LONDON — I am sitting in a coffee shop yards from David Zwirner’s Mayfair gallery. Michaël Borremans, small, impishly besuited, has just hurried past my line of vision in the company of a few relatives. A burst of Flemish conversation adds music to the air.

What does it mean to be a northern European painter? Or, more specifically, what is it to be a Flemish painter? We think mainly of the early Renaissance, and of how the religious paintings of Northern Europe often possessed a cool, if not forbidding, savagery that could approach caricature. So utterly different from the warmth and  weepy sentiment of the sunnier south.

In the case of the contemporary painter Michaël Borremans, being a Fleming seems to require a pitiless, if not forbidding, irony, almost studiedly cruel in its level of dispassion. He lives and works in Ghent, a city still awed by the extraordinary presence of Jan van Eyck’s altarpiece “Adoration of the Mystic Lamb,” which is the pride of its cathedral, and whose recent restoration was carefully anatomized in Hyperallergic. A small painting by Borremans is on the side of a concrete lift shaft in Ghent within view of the cathedral, high in the air.

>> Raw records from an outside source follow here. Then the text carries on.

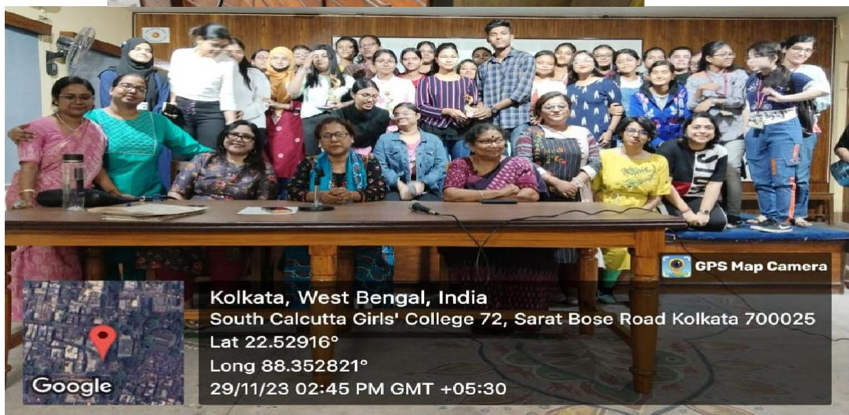
Intra College Debate Competition on "Social Media is Destroying Creativity"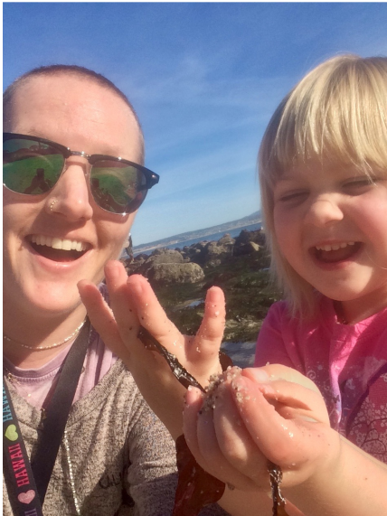
Healing Touch helps participants be more present for themselves and their families.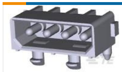
TE Part #641737-1 04P CMNL HDR ASSY R/A PC NATL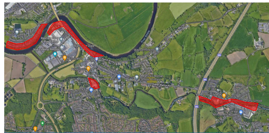
AREA 3, 4 & 5: Fishwick, Walton le Dale & Higher Walton

Area 3, 4 & 5: Site investigations and design work are planned to commence in Winter 2022. We will be excavating trial holes and sinking boreholes to inspect the ground conditions. The information gathered will help finalise the design.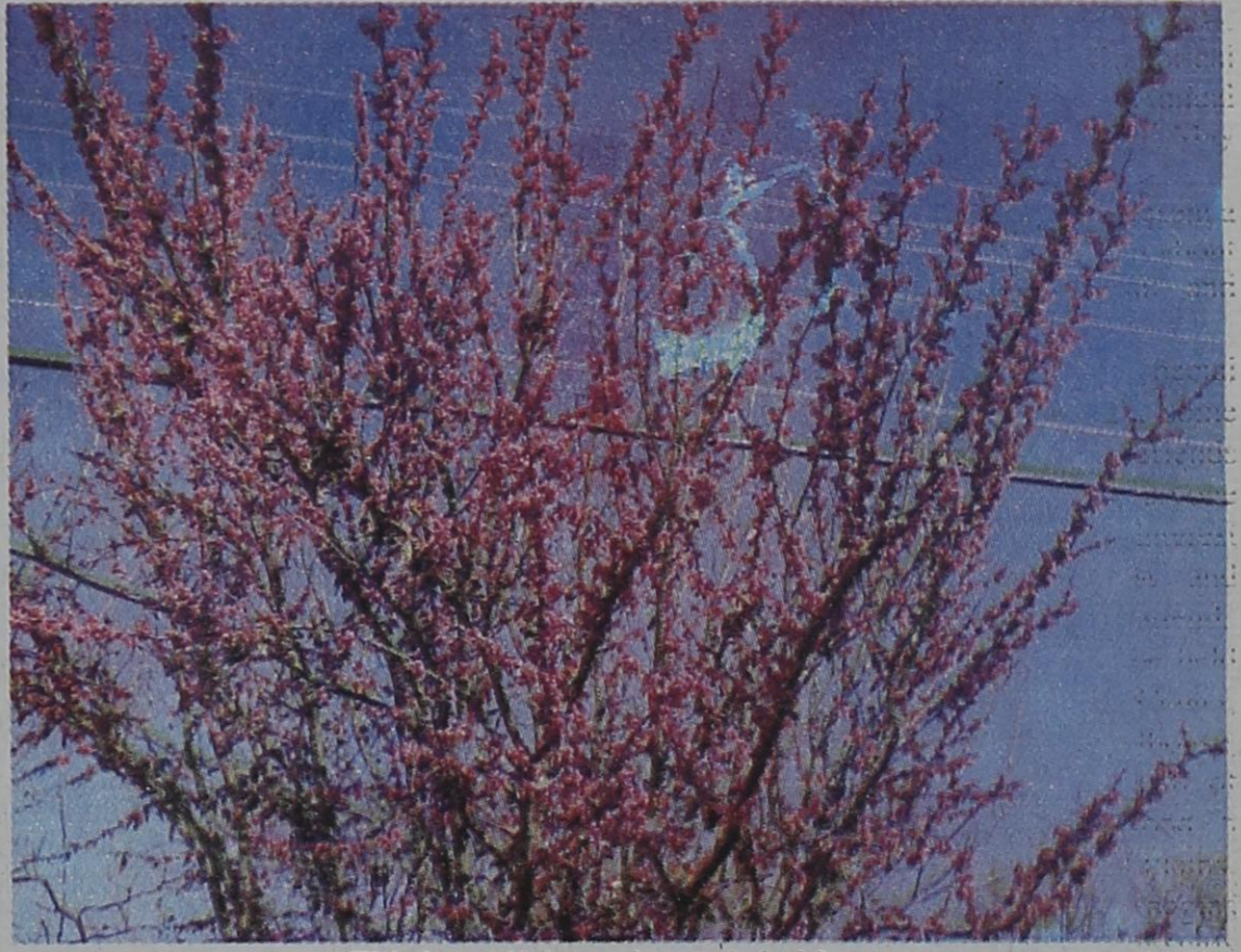
This beautiful peach tree is in bloom

Pursuant to the authority granted under Government Code, Chap. 551, the Commissioner's Court may convene a closed session to discuss any of the above agenda items. Immediately before any closed session, the specific section or sections of Government Code, Chap. 551 which provides statutory authority will be announced.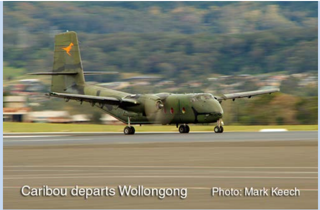
Caribou departs Wollongong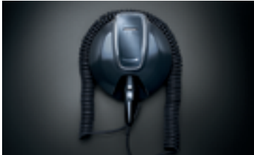
Available 240-Volt Fast-Charging Station.

The Chevrolet home charging provider, Bosch, offers Volt owners a one-stop shopping experience for a variety of charging stations and installation options, as well as information on special programs and incentives. Please see your dealer for details.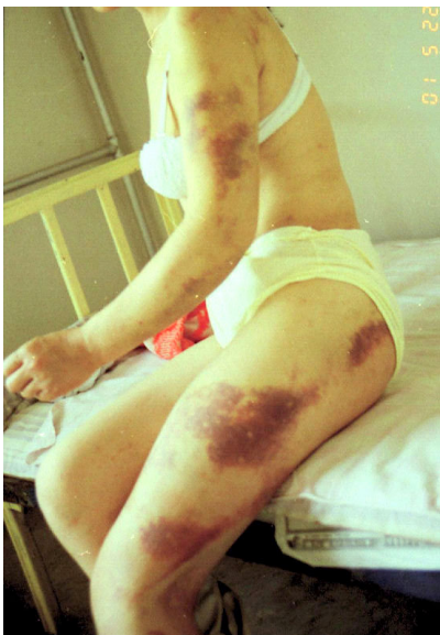
Picture taken 9 days after rape

Female Falun Gong practitioners have been stripped, body searched, and beaten with electric batons in public. They have had their breasts punctured with iron wire. Eggplants, toothbrushes, water bottles, and hot pepper powder have been forced into their vaginas, in addition to electric batons. The police also torture practitioners' children and force pregnant practitioners to have abortions. They try to destroy them mentally and spiritually.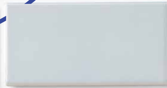
Architectonics2 in CINDER

Material: Ceramic Glaze/Finish: Glossy Solid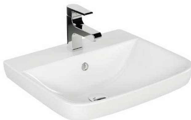
Porcher Cygnet Semi Inset Basin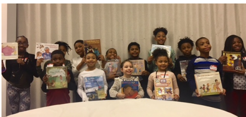
The group of children reading presented 14 culturally diverse literature to read and discuss at our grant project on Saturday, February 10, 2018.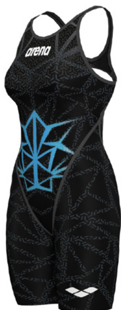
W CARBON GLIDE FBSLO WARRIORS

This feature is delivered by two new advances, Hydroglide fabric and the Micro Carbon Cage, which combine lightness and compression to deliver the ultimate experience in racing performance. Covering the front and lower back, the ultralight, low-profile Hydroglide is smooth to the touch, giving it incredible glide and speed, while also reducing drag and turbulence in critical zones. Covering the legs and lower torso, the similarly ultralight, low-drag Micro Carbon Cage has carbon fibres woven into the fabric in a tight grid-like pattern surrounding specific muscle groups, providing exceptional muscle support and improved body hold to enhance performance without restricting mobility. The result is added stroke power and stability with optimum durability, flexibility, and efficiency. The suit also employs a unique taping structure, with carbon strategically infused into the woven lining to activate major muscle groups, thereby enhancing the swimmer's feeling of support and body hold.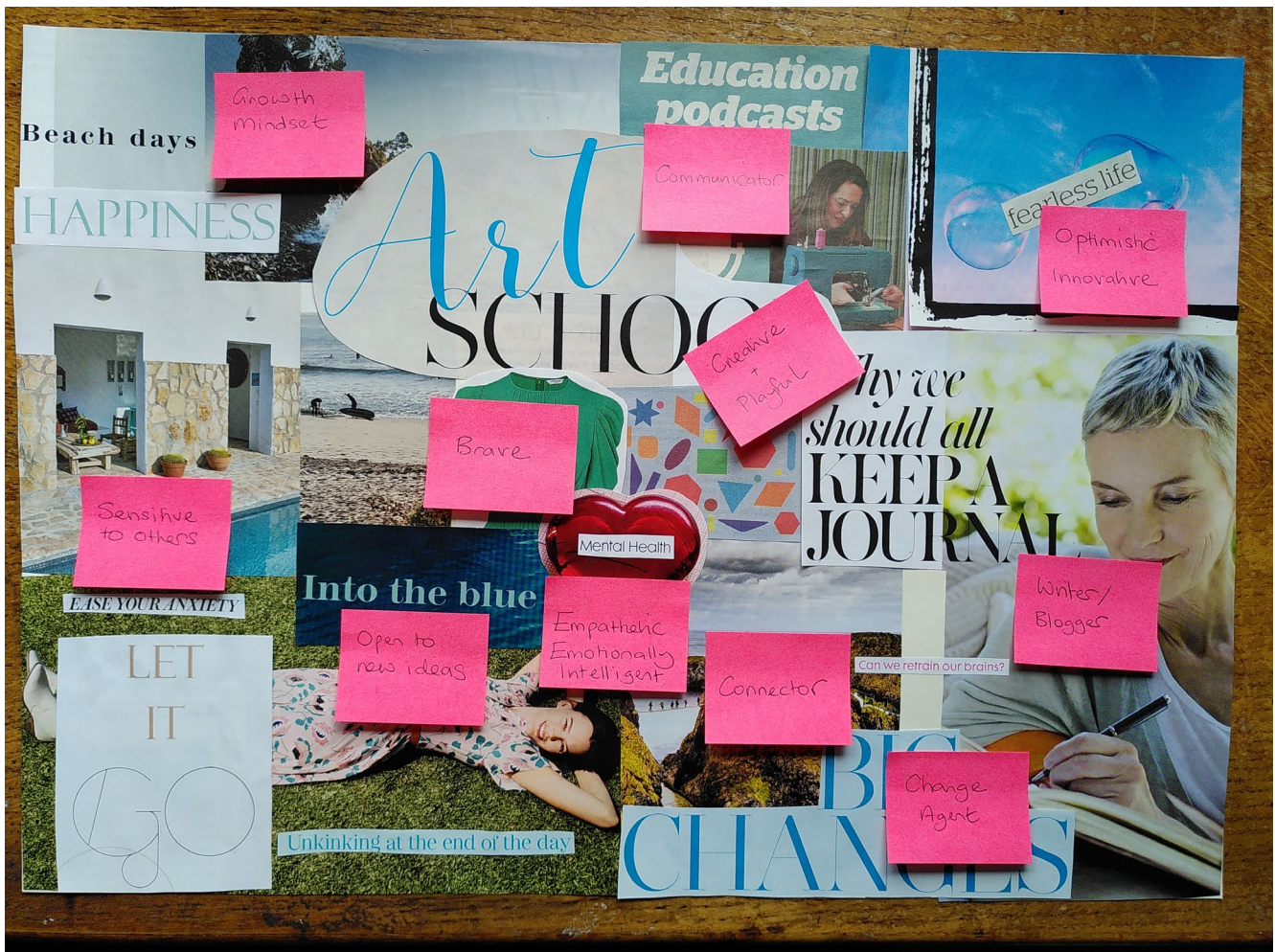
Fig 2 Collage

At the artist’s current show in London, a different painting by van Eyck, his great portrait of the Arnolfini family in the city’s National Gallery, is a suggestive antecedent. That 15th-century portrait is an extraordinarily solemn, even gloom-struck affair. It has no skittish, Mozartian lightness. The costuming, though magnificent, weighs like lead. This couple is not accustomed to skipping toward the matrimonial bed.

Borremans is a portraitist of sorts and, like van Eyck, he is much focused on the costuming of the fragile, infinitely suggestible, and malleable human form, how it has the capacity to aggrandize, define, and utterly wrong-foot the onlooker. His portraits are synthetic; they do not so much show us a particular individual as dissect the idea of what it is to be human.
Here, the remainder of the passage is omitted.